Now that Amazon makes more than $500 billion a year in sales, it is much harder for the company to keep growing at its historical rate of 20% or more. Instead, Amazon will need to focus on making money instead of growing its sales. It has a number of levers it can pull to make more money, and layoffs and other efforts to cut costs should start to show results later this year.
The state of the market
If Amazon can beat the market this year depends not just on how well it does but also on how well the economy and stock market do. Amazon is a business with ups and downs.
On the e-commerce side, it sells mostly non-essential items through both its own and third-party channels. AWS is also aware of how much businesses spend. In the most recent earnings call, CFO Brian Olsavsky talked about headwinds. He said, “With the ongoing macroeconomic uncertainty, we’ve seen an increase in AWS customers who are focused on controlling costs.” Amazon also said it expected sales to grow by only 2% to 8% in the fourth quarter. This is an unusually slow rate of growth, and it shows that the company is also feeling these headwinds in its consumer business.
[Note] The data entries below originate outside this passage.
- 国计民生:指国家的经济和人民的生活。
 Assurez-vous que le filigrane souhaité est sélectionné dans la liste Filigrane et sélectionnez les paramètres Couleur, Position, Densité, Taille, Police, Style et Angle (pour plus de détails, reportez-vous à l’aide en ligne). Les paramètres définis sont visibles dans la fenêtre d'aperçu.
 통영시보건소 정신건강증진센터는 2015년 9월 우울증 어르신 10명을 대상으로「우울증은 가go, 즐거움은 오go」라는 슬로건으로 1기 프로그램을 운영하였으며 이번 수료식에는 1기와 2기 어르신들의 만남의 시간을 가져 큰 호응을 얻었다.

The stock sold off last year not only because the company didn’t do well but also because interest rates were going up and the market was worried about a coming recession. Amazon appears to fare well if the economy has a “soft landing,” in which the Federal Reserve may raise interest rates without pushing the country into a major recession. But if the economy slows down even more over the course of the year, Amazon stock could keep going down because its performance is likely to get worse. On the other hand, the Fed might change its aggressive strategy in that case, and things might not go as badly for Amazon.
What’s good?
No matter what happens, one thing is for sure: after falling 50% last year, Amazon stock is as cheap as it has been in years, based on metrics like the price-to-sales ratio (P/S). The price per share (P/S) of the stock is now right around 2. The above ways to cut costs should also help Amazon’s profit margins, so the company should keep growing even in a bad economy. This could give it more power as long as it keeps costs down.
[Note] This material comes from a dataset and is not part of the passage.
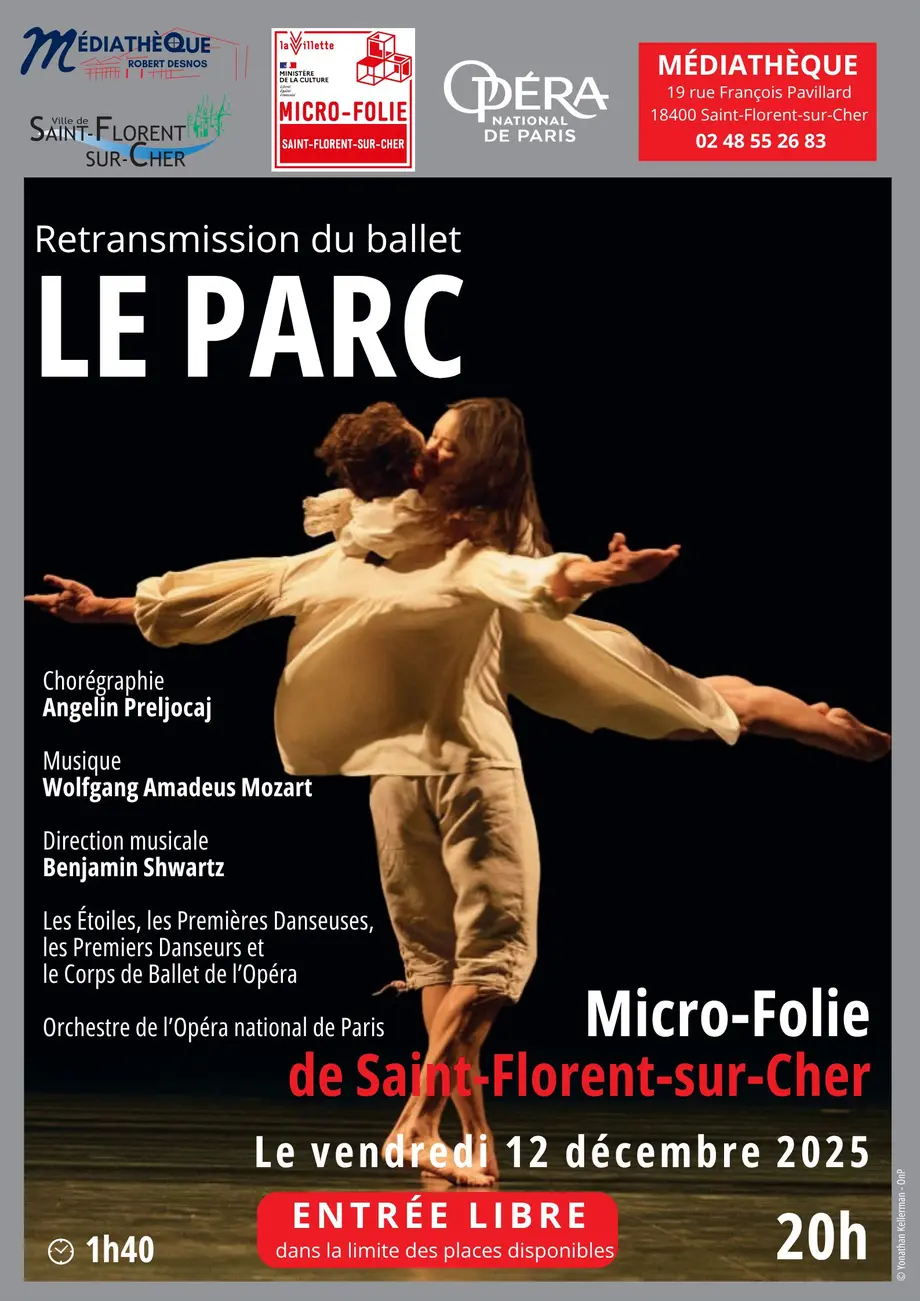 Le musée numérique de Saint-Florent-sur- Cher vous accueille le vendredi 12 décembre pour une retransmission de la captation du ballet Le Parc , chorégraphié par Angelin Preljocaj sur la musique de Mozart. Créé en 1994, Le Parc explore les jeux de l'amour à travers une chorégraphie mêlant classicisme et modernité. Porté par la musique de Mozart et une mise en scène raffinée, ce ballet est devenu une œuvre emblématique, dont le célèbre pas de deux final marque les esprits.

Bill Miller, a well-known value investor whose portfolio has outperformed the S&P 500 every year for the past 14 years, recently predicted that Amazon’s free cash flow would reach $60 billion in just three years if AWS continues to grow quickly. People also think that the company will put less money into new infrastructure like warehouses and data centers.
From this point of view, no matter what happens this year, Amazon looks like a good long-term bet. It’s hard to tell how a stock will do in one year, but Amazon seems likely to do well over the next few years thanks to its low price, its competitive advantages in areas like AWS, and the boost it will get when the economy recovers.